OLAP (Online Analytical Processing): Used for data mining and business logic.

ETL (Extract, Transform, Load)

Transforms OLTP data into OLAP data.

SQL Command Categories

DML (Data Manipulation Language): SELECT, INSERT, UPDATE, DELETE.
DDL (Data Definition Language): CREATE, DROP.
DCL (Data Control Language): GRANT.

Aggregate Functions

Aggregate numerical results (COUNT, SUM, AVG).

Nested Functions (Subqueries)

Queries within queries.

Window Functions

Advanced aggregate functions returning a value for each row based on a specified window.

NULL Values

Represent missing data.

String Operations

Manipulate string data (CONCAT, LENGTH, UPPER, LOWER, TRIM).

Date Time Operations

Format and manipulate date-time values (NOW, DATE, TIME).

Views

Virtual tables based on SQL statements.

Simplify queries.
Restrict data access.
Ensure consistency.
Provide abstraction.

Indexes

Improve data retrieval speed.

ALL and DISTINCT

ALL (default) includes all values, DISTINCT excludes duplicates.

Database Architecture

Single-tier: Application and data on one machine.
Two-tier: Client-server model.
Three-tier: UI, application logic, and data layer separated.

Database Schema Layers

External Schema (User View): Customized view for each user.
Conceptual Schema: Logical view of the entire database.
Internal Schema: Physical storage method.

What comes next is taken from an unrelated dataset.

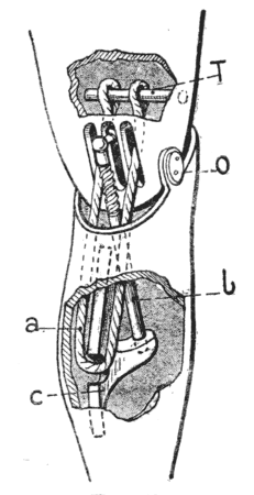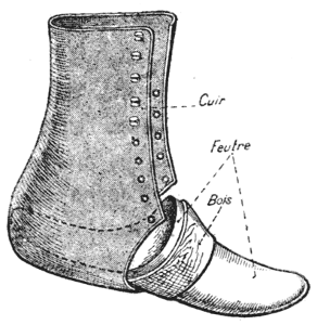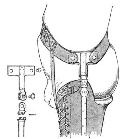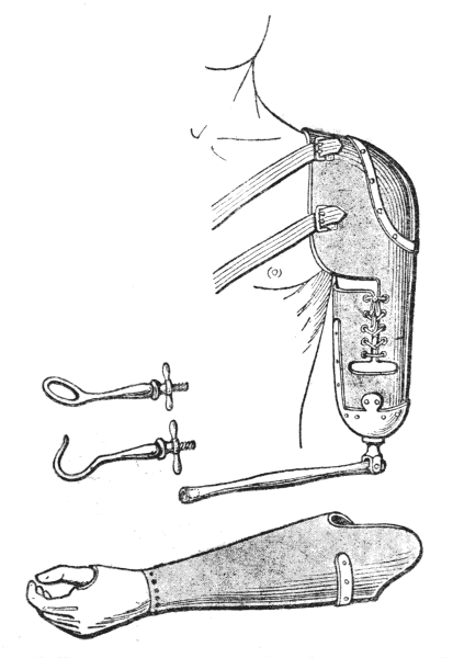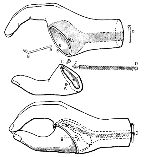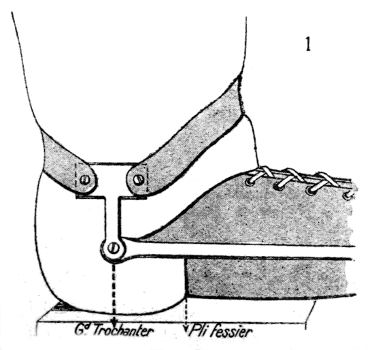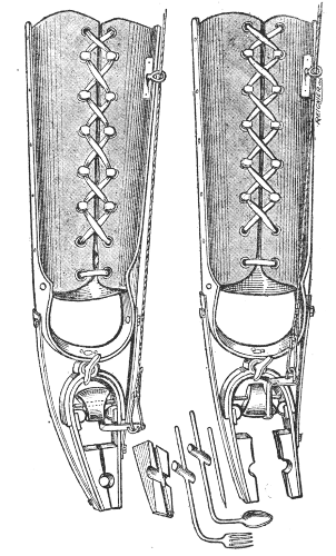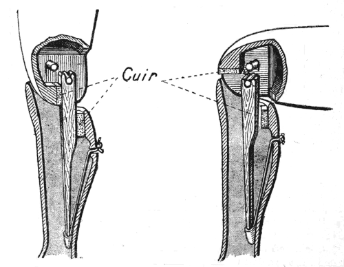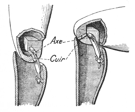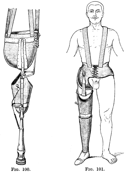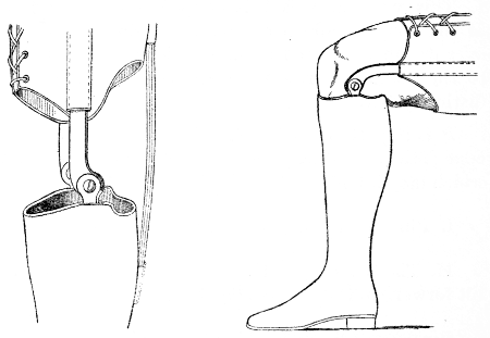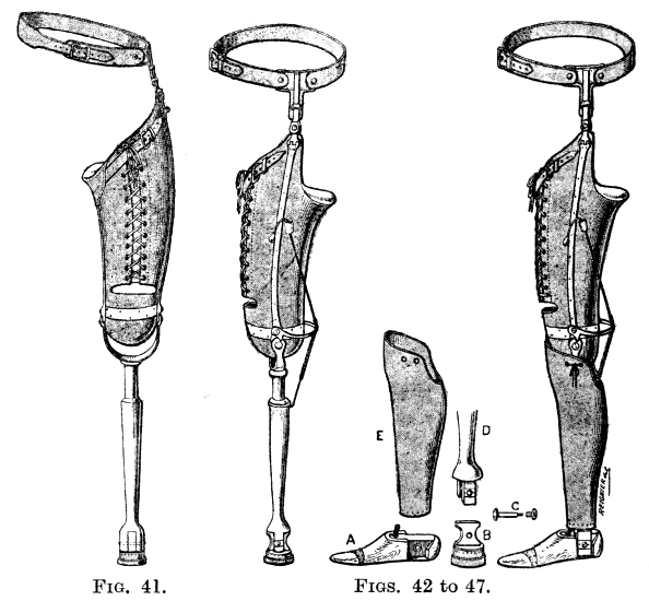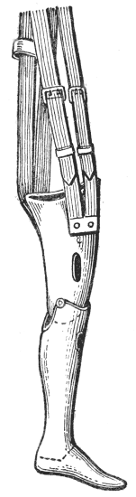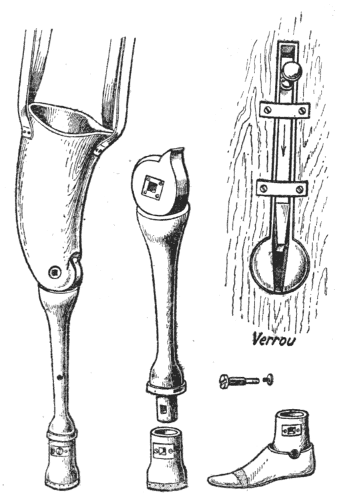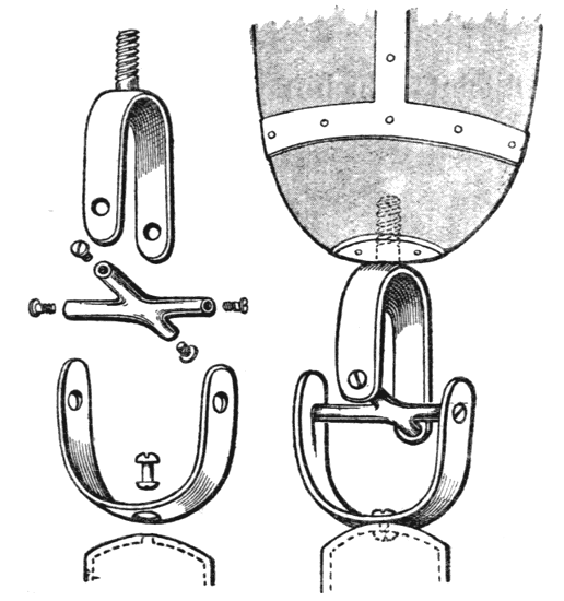 The introduction of American artificial legs into[xvi] this country has not been so revolutionary in its results as it is apparently in France, for we have been accustomed for many years to make the bucket out of a single piece of willow. The alterations in our methods introduced recently from America are essentially the following—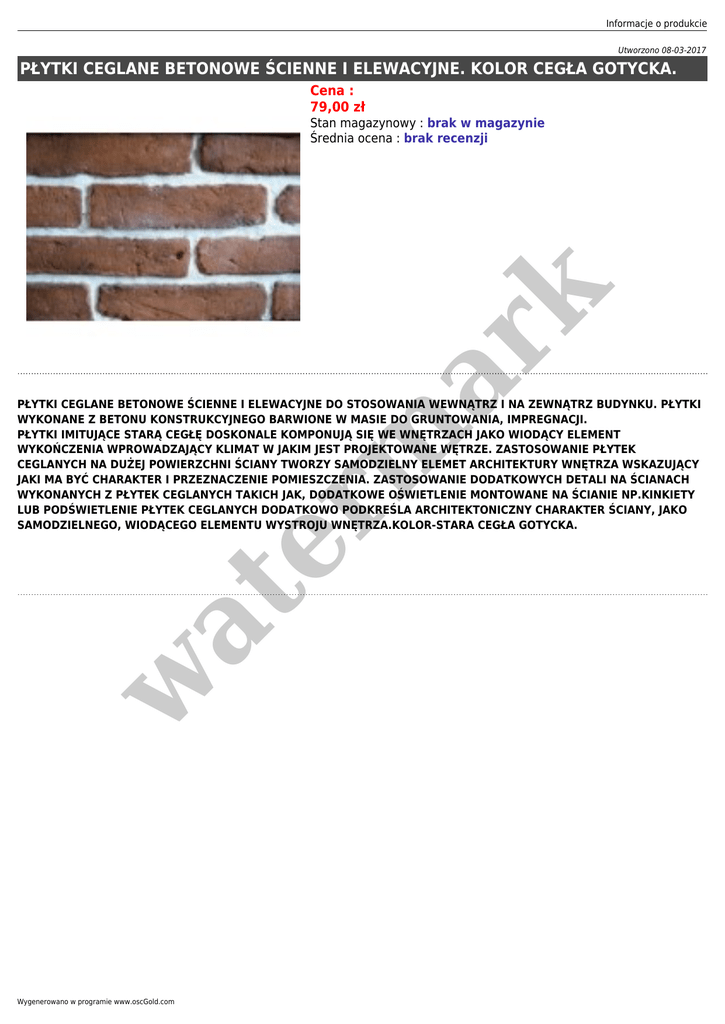 Informacje o produkcie Utworzono 08-03-2017 PŁYTKI CEGLANE BETONOWE ŚCIENNE I ELEWACYJNE. KOLOR CEGŁA GOTYCKA. Cena : 79,00 zł er m ar k Stan magazynowy : brak w magazynie Średnia ocena : brak recenzji w at PŁYTKI CEGLANE BETONOWE ŚCIENNE I ELEWACYJNE DO STOSOWANIA WEWNĄTRZ I NA ZEWNĄTRZ BUDYNKU. PŁYTKI WYKONANE Z BETONU KONSTRUKCYJNEGO BARWIONE W MASIE DO GRUNTOWANIA, IMPREGNACJI. PŁYTKI IMITUJĄCE STARĄ CEGŁĘ DOSKONALE KOMPONUJĄ SIĘ WE WNĘTRZACH JAKO WIODĄCY ELEMENT WYKOŃCZENIA WPROWADZAJĄCY KLIMAT W JAKIM JEST PROJEKTOWANE WĘTRZE. ZASTOSOWANIE PŁYTEK CEGLANYCH NA DUŻEJ POWIERZCHNI ŚCIANY TWORZY SAMODZIELNY ELEMET ARCHITEKTURY WNĘTRZA WSKAZUJĄCY JAKI MA BYĆ CHARAKTER I PRZEZNACZENIE POMIESZCZENIA. ZASTOSOWANIE DODATKOWYCH DETALI NA ŚCIANACH WYKONANYCH Z PŁYTEK CEGLANYCH TAKICH JAK, DODATKOWE OŚWIETLENIE MONTOWANE NA ŚCIANIE NP.KINKIETY LUB PODŚWIETLENIE PŁYTEK CEGLANYCH DODATKOWO PODKREŚLA ARCHITEKTONICZNY CHARAKTER ŚCIANY, JAKO SAMODZIELNEGO, WIODĄCEGO ELEMENTU WYSTROJU WNĘTRZA.KOLOR-STARA CEGŁA GOTYCKA. Wygenerowano w programie www.oscGold.com

SMP (Symmetric Multiprocessing)

Processors share resources.

MPP (Massively Parallel Processing)

Processors have local resources.

Data Warehouse Layers

Bronze: Raw data.
Silver: Cleaned and transformed data.
Gold: Business-ready data.

Data Warehouse vs. Operational Database

Different purposes, schema designs, and data structures.

Data Structures

Structured: Highly organized.
Semi-structured: Some organization (JSON, XML).
Unstructured: No pre-defined format.

ACID Model

Ensures reliable transaction processing (Atomicity, Consistency, Isolation, Durability).

Normalization

Reduces redundancy and ensures data integrity.

Referential Integrity

Maintains relationships between tables.

Data Governance

Manages data availability, usability, integrity, security, and consistency.

ETL vs. ELT

Different data transformation approaches.

Entity-Relationship (ER) Model

Conceptual tool for database design.

External Tables

Reference data stored outside the database.

Partitioning

Divides a database into smaller pieces.

Hash Function

Creates a fixed-size string from an input.

Cloud Database Security and Privacy

High priority for confidential data.

Cloud Database Recovery Management

Protects against data loss and failures.

Cloud Database Auto Scaling

Automatically adjusts resources.

Cloud Database Mirroring

Creates real-time copies for availability.

Failover Clusters

Maintain high availability through redundant servers.